Re: Unable to understand the importance of attributes in IdentifiedAnnotations [EXTERNAL]

2018-01-06 Thread Miller, Timothy
No, there is unfortunately no documentation and that code is a total mess. It 
in fact combines evaluations with training, and then we just set aside the best 
evaluated model and made that the default[1]. We really should have separate 
training code in the project and eval code can probably be outside (since it 
usually evolves a lot during development and will be messy). I can walk you 
through it if you're willing to put in some effort but unfortunately it's not a 
trivial thing.

You basically need to run this class: 
http://svn.apache.org/viewvc/ctakes/trunk/ctakes-assertion/src/main/java/org/apache/ctakes/assertion/eval/AssertionEvaluation.java?view=markup

it reads the gold standard from a Knowtator scheme developed under the SHARP 
project [2]. But if you point it to already-generated xmi files (in 
train,dev,test sub-directories) it can be used for gold standards in other 
formats. Probably you would need to write a class to generate your own xmi that 
reads whatever format your data is in. You can look here:
http://svn.apache.org/viewvc/ctakes/trunk/ctakes-assertion/src/main/java/org/apache/ctakes/assertion/pipelines/GoldEntityAndAttributeReaderPipelineForSeedCorpus.java?view=markup

to see a few methods for generating xmi from different data formats.
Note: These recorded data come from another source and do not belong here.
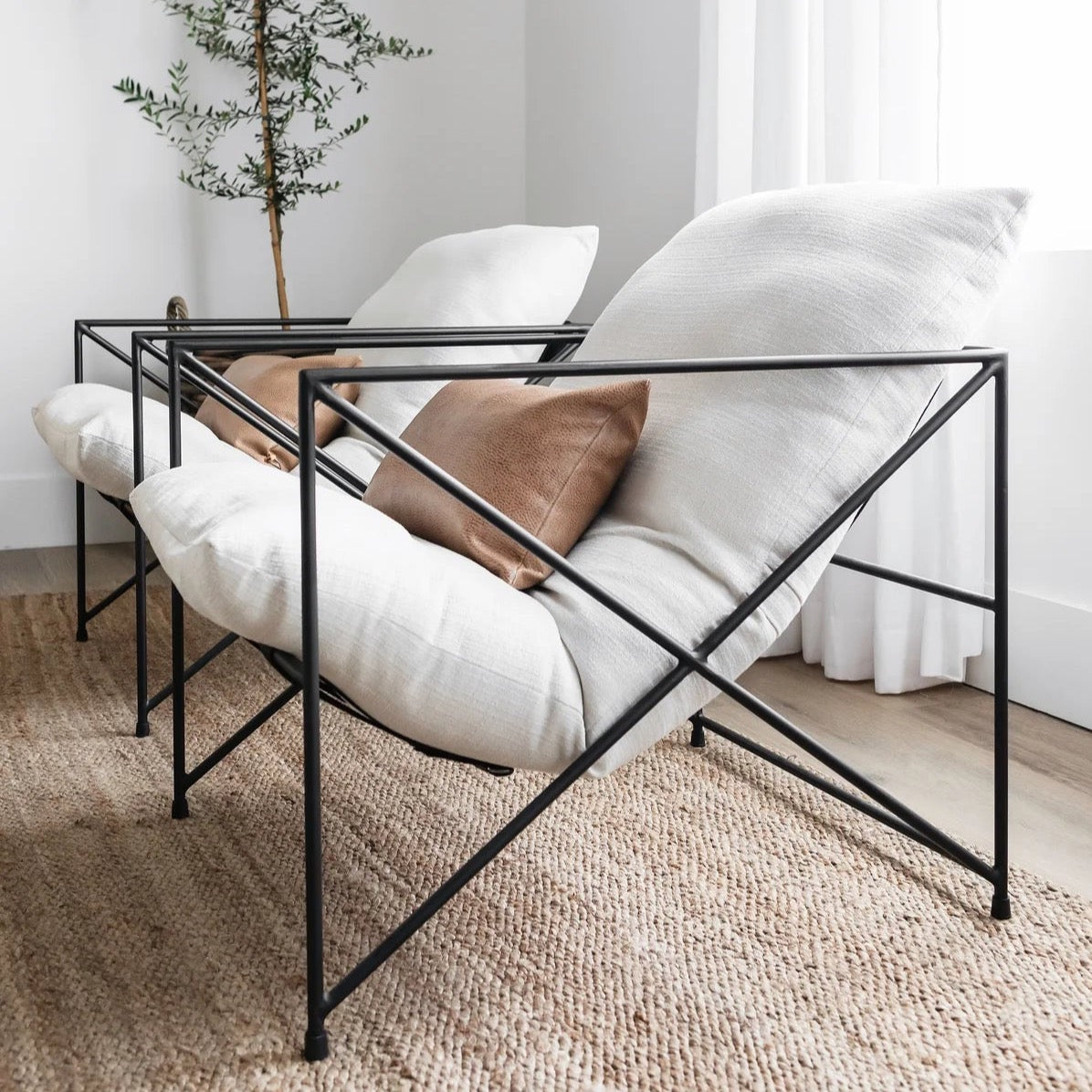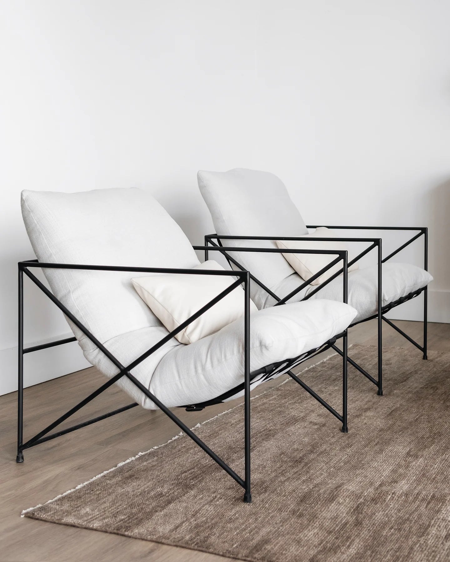 The Cleopatra is an exceptionally comfortable lounge chair that features a perfectly padded, fabric-wrapped seat rested atop a solid metal frame.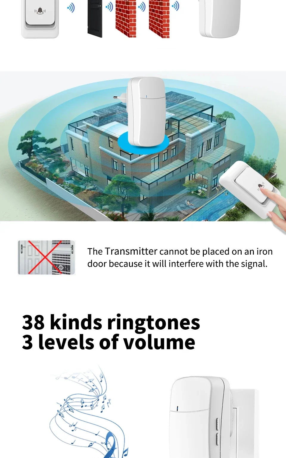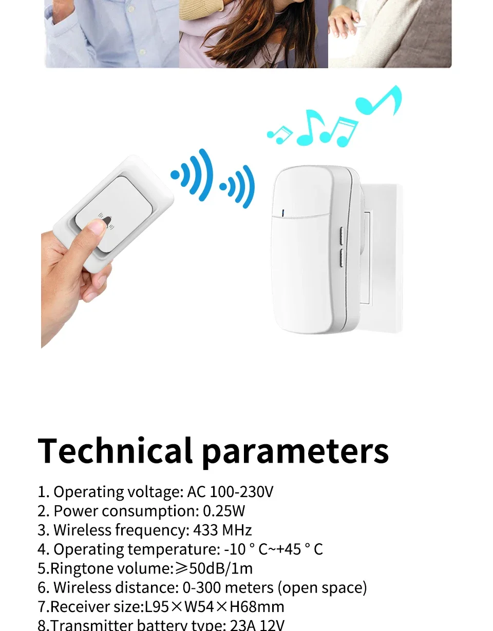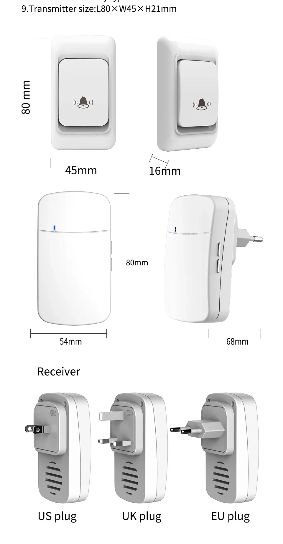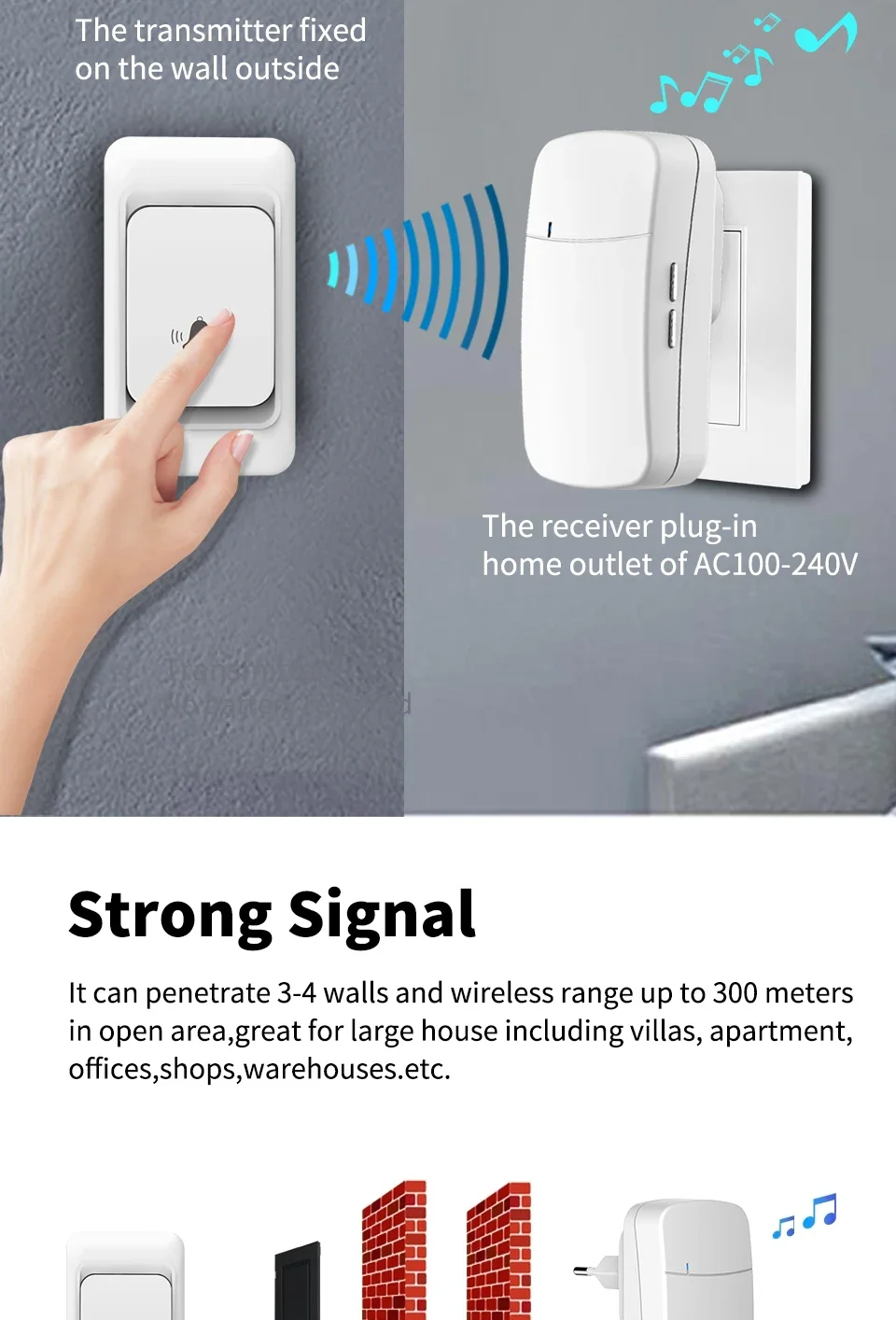 • Wireless Doorbell Self-Powered No Battery Waterproof IP44 Wide Voltage 110-240V Global Plugs Long Range Remote Control CE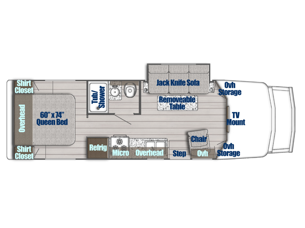 Options : Génératrice à essence, Réservoir de propane, Climatiseur conduit central, Vitres électriques, Miroirs électriques, Régulateur de vitesse, Volant inclinable, Caméra Marche arrière, Cric hydraulique, Échelle, Attache-remorque, Douche, Toilette, Lit queen-size, Prise électrique, Antenne pour téléviseur, Micro-onde, Cuisinière, Four, Hotte, Fourneau, Auvent, Chauffe-eau

Hopefully that is enough information for you to figure out whether it's worth 
pursuing!

Tim


[1] There is some training-specific code but I'm not sure that's kept up with 
the eval code
[2] It can also read a few other formats like i2b2 challenge and mipacq, in 
case your data looks like that.


From: Harish Kulkarni 
Sent: Saturday, January 6, 2018 1:32 AM
To: dev@ctakes.apache.org
Subject: Re: Unable to understand the importance of attributes in 
IdentifiedAnnotations [EXTERNAL]

Is there any documentation or tutorial on how to train ctakes for negation
history etc.
I have some data with which to train the system

Thanks
Harish

On Jan 5, 2018 18:19, "Abramowitsch, Peter" 
wrote:

> Sorry for the very wordy contribution here    Following on Tim's
> answer,  I've found the historyOf mechanism to be very weak in its ability
> to detect more than just a few possible permutations, and one frequent
> issue is span where history Of modifies a series of concepts.
>
> 
>
> Here's an example from real notes
>
> "The patient is a 57-year-old woman with a past medical history of OSA ,
> asthma , CAD status post CABG..."
>
> Using my CAS post processor on the output I get this.
>
>
> PROBLEMS
>   [,,History of ,SNOMEDCT_US:78275009/C0520679] Sleep Apnea, Obstructive
> OSA
> past medical history of OSA , asthma , CAD status po
>
>   [,,,SNOMEDCT_US:195967001/C0004096] Asthma asthma
> edical history of OSA , asthma , CAD status post CABG.>
>
>   [,,,SNOMEDCT_US:414024009/C1956346] Coronary Artery Disease CAD
> story of OSA , asthma , CAD status post CABG.>--
>
> =MEDICATIONS==
> ==SIGNS=
> =PROCEDURES==
>   [,,History of ,SNOMEDCT_US:90205004/C0010055] Coronary Artery Bypass
> Surgery CABG
> sthma , CAD status post CABG.>--
>
>
> I print the history of, confidence, and polarity flags in the [,,, ]
> section before the SNOMED code of each identified annotation.   Notice
> that it found history of OSA but not Asthma or CAD. It did find History of
> again for the procedure CABG because of the word POST.
>
>
> Here's another example
>
> "Cardiac transplant 15 years ago as stated above with chronic
> immunosuppressives , history of gout , hypertension , renal insufficiency."
>
>
> PROBLEMS
>   [,,History of ,SNOMEDCT_US:90560007/C0018099] Gout gout  2018-01-01
> 15:00:00 +0100~
> ppressives , history of gout , hypertension , renal i
>
>   [,,,SNOMEDCT_US:28119000/C0020544] Renal hypertension hypertension ,
> renal  2018-01-01 15:00:00 +0100~
> ves , history of gout , hypertension , renal insufficiency.>--
>
>   [,,,SNOMEDCT_US:236423003/C1565489] Renal Insufficiency renal
> insufficiency  2018-01-01 15:00:00 +0100~
> f gout , hypertension , renal insufficiency.>--
>
> =MEDICATIONS==
>   [,,,SNOMEDCT_US:372823004/C0021081] Immunosuppressive Agents
> immunosuppressives  2018-01-01 15:00:00 +0100~
> ated above with chronic immunosuppressives , history of gout , hype
>
> ==SIGNS=
>   [,,,SNOMEDCT_US:161451004/C0455492] H/O: gout history of gout
> 2018-01-01 15:00:00 +0100~
> ic immunosuppressives , history of gout , hypertension , renal i
>
> =

Re: Unable to understand the importance of attributes in IdentifiedAnnotations [EXTERNAL]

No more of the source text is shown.